486:氷解の歌声2
前回のざっくりあらすじ:ヘロスの町の風呂屋で、セラとダナは、帝国人の姉妹と出会った。
*物語の進行上、一部にセンシティブ、及び、過激な表現が含まれます。ご注意下さい*
*次話の投稿は、3月12日(木)となります。
柔らかな印象のある木造の浴室は、その見た目に反して、ひりつくような熱い蒸気で満たされている。ダナがユリヤと話すうちに、セラも、じわじわと汗をかき始めた。
何も身につけていない身体は、血流の流れが良く見える。熱を持ち赤くなり始めたセラ以上に、透けるようなダナの白肌は真っ赤だ。
茹で蛸のようになりつつあるダナに、ポリーナが語りかけた。
「ダナ様。妹を責めないで頂けませんか。私たちは、あなた様を心配しているだけなんです」
「その、様っていうのやめてよ。何でそんなに、あたしを心配するの?」
「なぜ敵方についておられるのか分かりませんが、ダナ様は陛下と同じ、地の民の末裔だとお見受けしましたから」
「地の民? 皇帝は、それの末裔なの?」
「はい。私たちは陛下を直接見たことはありませんが、陛下とダナ様の色はよく似ています」
「色?」
「髪や肌、目の色です」
初めて聞く話に、ダナは、ぽかんと口を開けた。
「皇帝も白髪と白い肌で、赤目なの?」
「はい。陛下の髪は白銀だというお話なので、少し違うかもしれませんが。姿絵と同じに見えるので」
「それで関係があると思ったんだね」
ダナは、なるほどと頷き、言葉を継いだ。
「ごめんね。あたしは皇帝とは何の関係もないよ。生まれも育ちも、ここからずっと南に離れたモレンドだから」
「モレンド?」
「砂漠の国だよ。帝国と真逆で、一年中物凄い熱いの。雪なんか降らないし、どこに行っても砂だらけ」
「物凄い熱い……このサウナのような感じですか?」
「ううん。ここは湿っぽいけど、砂漠はもっと埃っぽいんだ」
国の気候が全く違うと聞いて、ダナが本当に遠い所から来たのだと、ポリーナたちは納得したようだった。ユリヤが残念そうに、はぁとため息を吐いた。
「やっぱり違うんだよ、姉さん」
「……そうね。地の民は、皇帝陛下しかおられない。陛下が勝たれることを、願うしかないのだわ」
苦しげに話す姉妹に、セラは、おずおずと問いかけた。
「あの、ポリーナさん。地の民って、何なんですか?」
セラの声に、ポリーナは怯えたように、ぴくりと肩を震わせる。ユリヤが苦笑いを浮かべ、代わりに答えた。
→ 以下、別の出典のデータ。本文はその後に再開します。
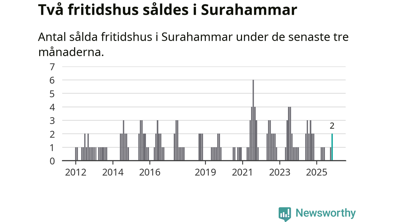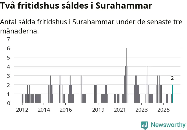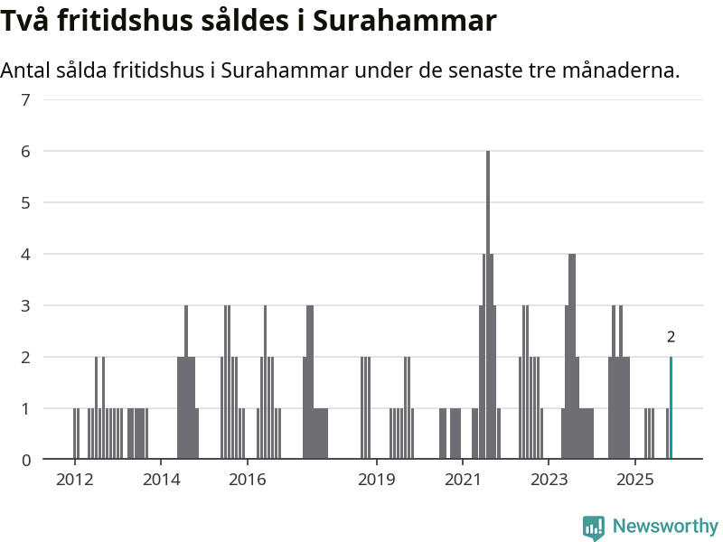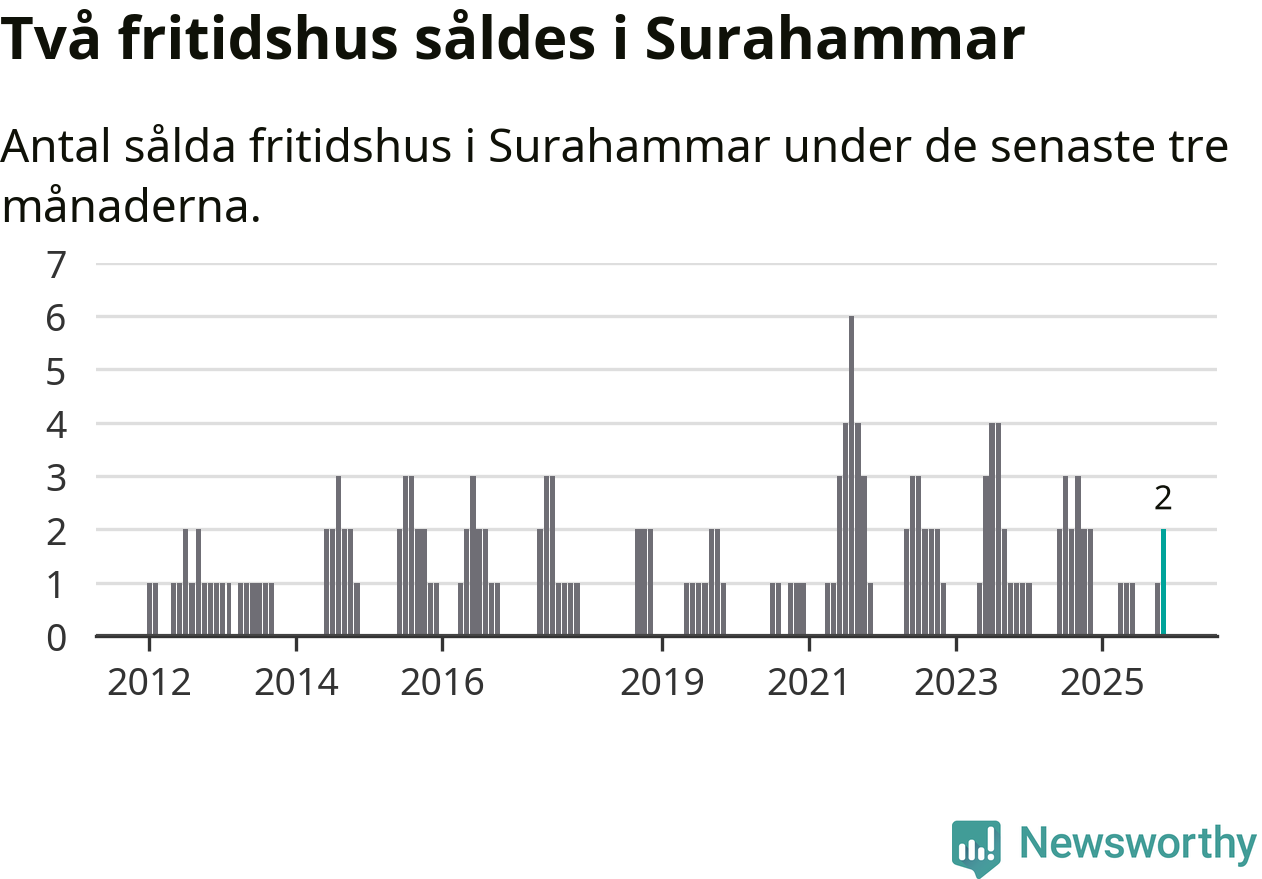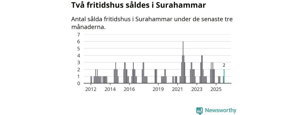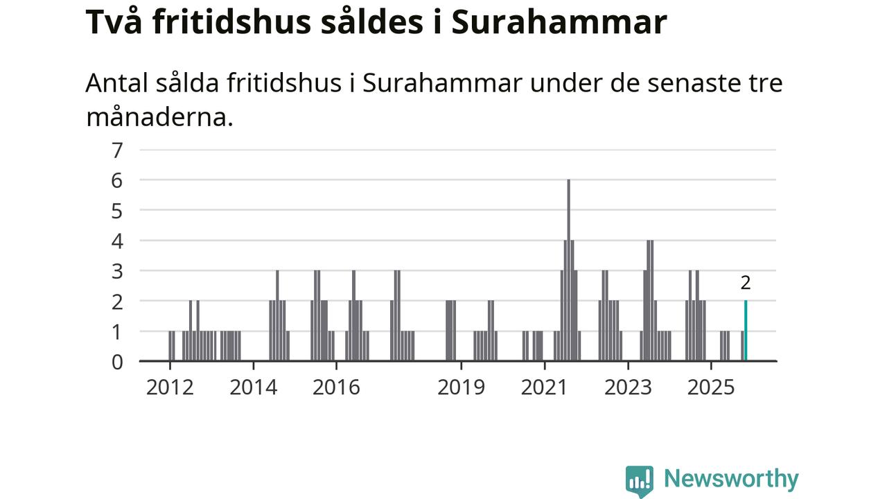 Mellan september och november gjordes sammanlagt två affärer med fritidshus i Surahammars kommun. Det är lika många affärer som vid motsvarande tid i fjol.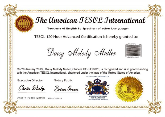 《TESOL资格证书》持有者,可以在世界大多数国家从事英语作为第二外语的教学(ESL,English as a Second Language),其国际认可度很大,可以作为国际公认的“TESOL国际英语教师”资格证书和英语教学行业职业资格的权威国际证明。
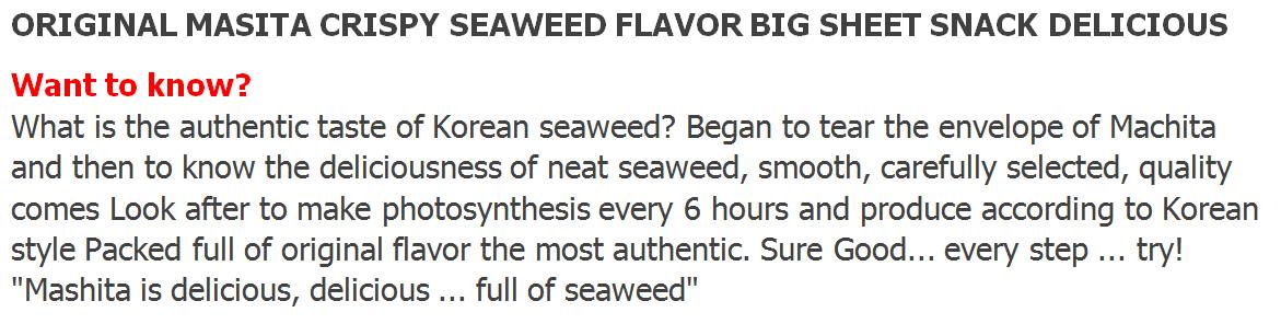12x3.6g Masita Thai Seaweed Dried ORIGINAL flavor no MSG added |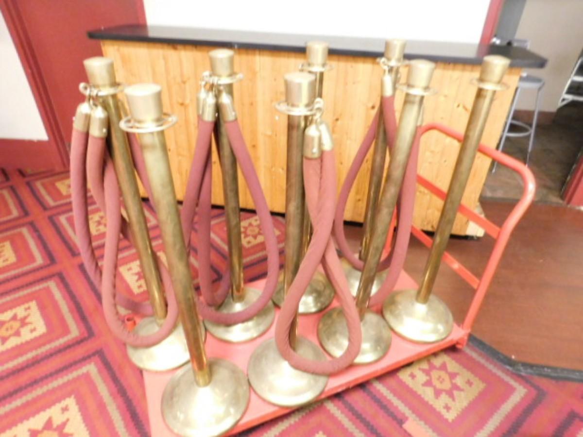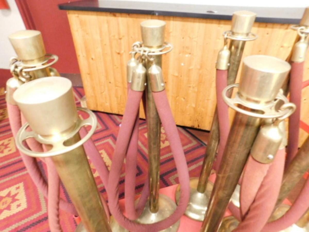 8ct Vintage Brass Post Stanchions with Velvet Rope Barriers

「地の民は、大昔に世界を治めていた人たちですよ。私たちを楽園に導いて下さるお方なんです。陛下は、その血を受け継ぐ最後の生き残りって言われてます」
「最後の?」
「皇帝一族が地の民の血筋だったんですけど、陛下が即位された際に、みんな処刑されましたから。今は陛下しか、残っていないんです」
セラとダナは、じっと話に耳を傾ける。ユリヤは、朗読でもするように話を続けた。
「ずっと昔、雪のように無垢で真っ白な地の民は、大地の精霊に深く愛されて、世界を統べる玉座に座っていました。その頃の世界は精霊の祝福を受けていたので、どこも春のように暖かく過ごしやすい楽園だったそうです。でも王たる地の民は、ある日やって来た侵略者に、その座を奪われました。逃げ惑う地の民を守るために、精霊は国ごと雪で覆い隠しました。それ以降、この国は不毛の大地になったんです。だから私たちは、地の民を敬って精霊の憂いを払わないといけないんです」
ユリヤの話は、帝国に昔から伝わる御伽話で、皇帝による独裁政治の所以となっているものだ。帝国人なら子どもでも知っている話だが、セラとダナは初耳だった。
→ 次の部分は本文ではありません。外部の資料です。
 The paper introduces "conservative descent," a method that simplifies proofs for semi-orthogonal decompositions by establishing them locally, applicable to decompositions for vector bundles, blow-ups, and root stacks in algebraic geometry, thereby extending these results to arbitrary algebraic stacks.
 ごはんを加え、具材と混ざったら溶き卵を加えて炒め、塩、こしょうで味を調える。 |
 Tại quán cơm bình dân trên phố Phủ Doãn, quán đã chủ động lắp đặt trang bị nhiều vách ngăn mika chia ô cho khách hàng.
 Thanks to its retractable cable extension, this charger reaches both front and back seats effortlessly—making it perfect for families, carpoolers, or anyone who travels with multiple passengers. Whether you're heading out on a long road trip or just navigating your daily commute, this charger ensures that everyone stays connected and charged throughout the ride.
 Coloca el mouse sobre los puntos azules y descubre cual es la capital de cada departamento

「陛下は世界を取り戻し、私たちを楽園へ導くと約束して下さいました。この戦いに勝てば、もう寒い思いをしなくていい。たくさんの花や植物に囲まれて、明るい日の下で毎日楽しく暮らせるって。だから、陛下には絶対勝ってほしいんです」
皇帝は開戦に先立ち、国民に戦争の必要性を説いていた。姿は見せなかったものの、音声通信を用いて主要都市に向けて演説したのだ。
ヘロスでは研究所から町中に音声が流され、市民は直接皇帝の話を聞いた。その声を思い出しながら話すユリヤは、夢見る乙女のようだった。
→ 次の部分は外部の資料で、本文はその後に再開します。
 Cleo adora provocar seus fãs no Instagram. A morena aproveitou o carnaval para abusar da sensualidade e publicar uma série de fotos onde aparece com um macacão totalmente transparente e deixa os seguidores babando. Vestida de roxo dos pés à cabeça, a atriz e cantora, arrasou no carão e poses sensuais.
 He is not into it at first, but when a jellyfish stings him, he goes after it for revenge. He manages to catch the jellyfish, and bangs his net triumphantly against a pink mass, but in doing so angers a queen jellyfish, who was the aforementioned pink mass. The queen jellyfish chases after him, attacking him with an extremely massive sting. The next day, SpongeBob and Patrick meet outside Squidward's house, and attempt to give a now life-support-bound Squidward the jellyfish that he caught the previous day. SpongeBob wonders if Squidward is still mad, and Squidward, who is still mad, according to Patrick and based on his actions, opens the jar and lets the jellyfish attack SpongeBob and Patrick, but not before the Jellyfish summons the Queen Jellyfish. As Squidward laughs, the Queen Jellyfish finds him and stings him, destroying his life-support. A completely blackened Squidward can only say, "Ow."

しかし、その荒唐無稽な話を聞いたセラは、困惑してダナに問いかけた。
「ダナさん。この話って、本当なんでしょうか?」
「ある意味本当なんじゃない? 皇帝じゃなくても戦争に勝てば、国は潤うと思うから」
あっさり言ったダナの言葉に、黙っていたポリーナが目を瞬かせた。
「皇帝陛下じゃなくてもいいって、どういうことですか?」
「ここまで雪が多いのは、世界でも帝国だけだっていうのは分かるよね」
「はい」
「戦争に勝てば、もっと過ごしやすい土地を手に入れられる。そこに帝国人みんなで移り住めば、楽園に住むことになるでしょ。でもそれって、今の皇帝じゃなくても、戦争に勝てるなら誰でも出来ることだから」
ポリーナは信じられない様子で、声を震わせた。
「それは、陛下がこの地を捨てるということですか?」
「そう思うよ。地の民だか何だか知らないけど、皇帝だって人間なんだから。変な力があるとか、聞いたことないし」
「確かにそうですけど……。精霊の祝福を取り戻せれば、この国は変わるんです」
「変わるって、具体的に何がどう変わるの?」
「えっ……」
ダナの切り返しに、ポリーナは固まった。ダナは流れ落ちる汗を拭いながら、言葉を継いだ。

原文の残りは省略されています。